City Sprawl Now Large Enough to Sway Global Warming Over Land

Urban land now reaches farther than ever, and so too does its influence on global warming

The glowing orange Sun shines over a lightly hazy Paris, the Eifel Tower standing erect, just right of center-frame.

Cities have grown quite a lot in recent decades—global urban land cover has swelled by 226 percent since 1992. As city sprawl expands its reach, its influence on the world's climate grows in tandem. 

(Image by Pedro Kümmel | Unsplash.com)

RICHLAND, Wash.—Just how much heat does city sprawl add to large-scale warming? That’s one longstanding question researchers sought to answer in a new study recently published in the journal One Earth. 

Once thought to cover too little of the Earth’s surface to affect climate at larger scales, the new work suggests that urbanization does indeed have a detectable influence on global warming over land, with more to potentially follow as cities continue growing. 

The effect is most dramatic in some of the world’s most rapidly urbanizing areas. In the bustling Yangtze River Basin, for example, home to more than 480 million people (one third of China’s total population), urban sprawl contributed nearly 40 percent of the area’s increased warming between 2003 and 2019. 

In Japan, where close to 10 percent of total land is developed, urbanization contributed a quarter of the added warming observed during the study period. The urban signal was less pronounced in Europe and North America, where urbanization boosted roughly 23 percent of warming. That’s likely because much of the development there happened before the study period and, proportionally, there is still a great deal of undeveloped land compared to other smaller regions and countries. 

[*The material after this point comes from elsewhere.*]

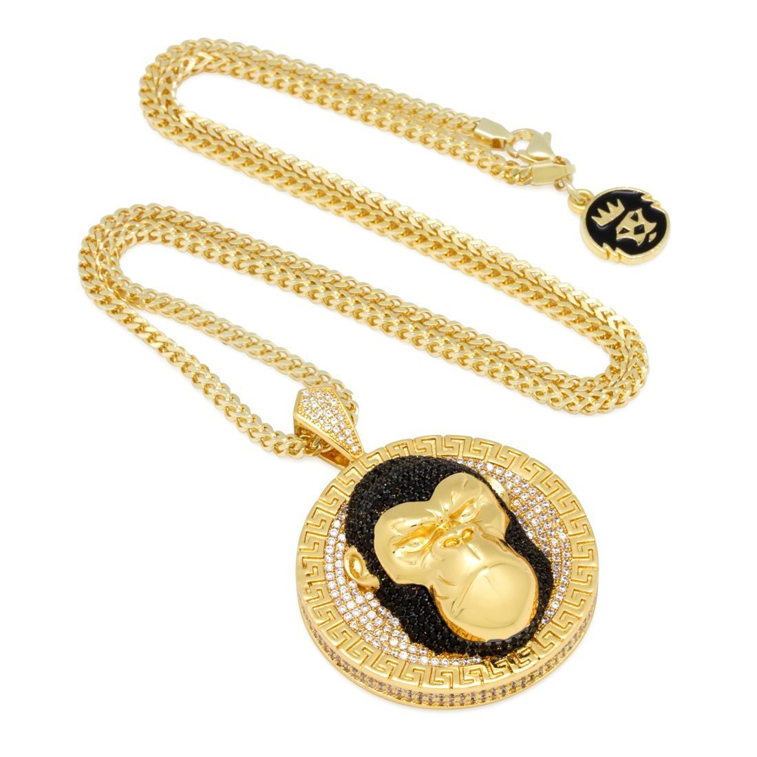 The menacing look on the gorilla's face is enough for a hard look with the new gorilla medallion. Each medallion is iced with clear and onyx colored VVS Diamond Simulates. Greek key design and more simulates border the medallion for a sleek finish. Each medallion is paired with a 2.5mm, 24" Franco Chain.

Overall, cities added just over one percent of increased land surface warming across the entire globe; 1.3 percent during daytime and 1.1 percent during nighttime.

“Urbanization” is an umbrella term of sorts. It encompasses not only built structures in cities, but also the many climate-influencing factors like air pollution, city parks and swelling populations that are tied to their existence.

The urban climate signal

Traditionally, cities are either left out of global climate models or represented in very simplistic ways, according to the study authors. When climate scientists use these models to understand how extreme weather may change in a warmer world, for example, they rarely factor cities into their simulations. But if they’re included at all, cities aren’t depicted as growing, changing entities, even though the rest of the world is projected to change decades into the future.

That’s a shortcoming, said lead author and Earth scientist TC Chakraborty at the Department of Energy’s Pacific Northwest National Laboratory. A large body of research demonstrates that cities influence the climate around us in a myriad of ways.

Buildings absorb and trap heat, which means cities take much longer to warm and cool down than rural areas. In some cases, this could mean city dwellers may spend more time in uncomfortable heat than their countryside neighbors. Cityscapes can change the way air moves around us, or even intensify extreme weather

While the influence of urban land has been clear at the local scale, researchers have questioned whether cities matter at the regional, continental and planetary scales.

“The answer is yes, they do; to a small extent,” said Chakraborty. “Urbanization does have a detectable impact on global land warming. That impact is minor but statistically significant at the global land scale, and particularly evident at continental scales. When you zoom into specific regions of the world, the effects can get quite large.”

It depends on where you look, Chakraborty added. In the case of Greenland, where very little urban land was added during the study period, city sprawl didn’t pose much of an impact on large-scale warming. But in rapidly urbanizing areas like certain parts of Asia, the authors saw strong, large-scale warming that stemmed from urbanization.

Although cities have grown sufficiently large to affect the global climate, their effect remains small when compared to that of greenhouse gas emissions and other anthropogenic changes. The new findings counter a common point of skepticism, said Chakraborty.

“Some argue that the urban heat island effect is a dominant contributor to large-scale climate warming. Our findings demonstrate that this is untrue: the impact of the urban heat island on global land warming is statistically significant, but it’s far from the major contributor. Our population-scale estimate of this warming using satellite data effectively demonstrates that,” said Chakraborty.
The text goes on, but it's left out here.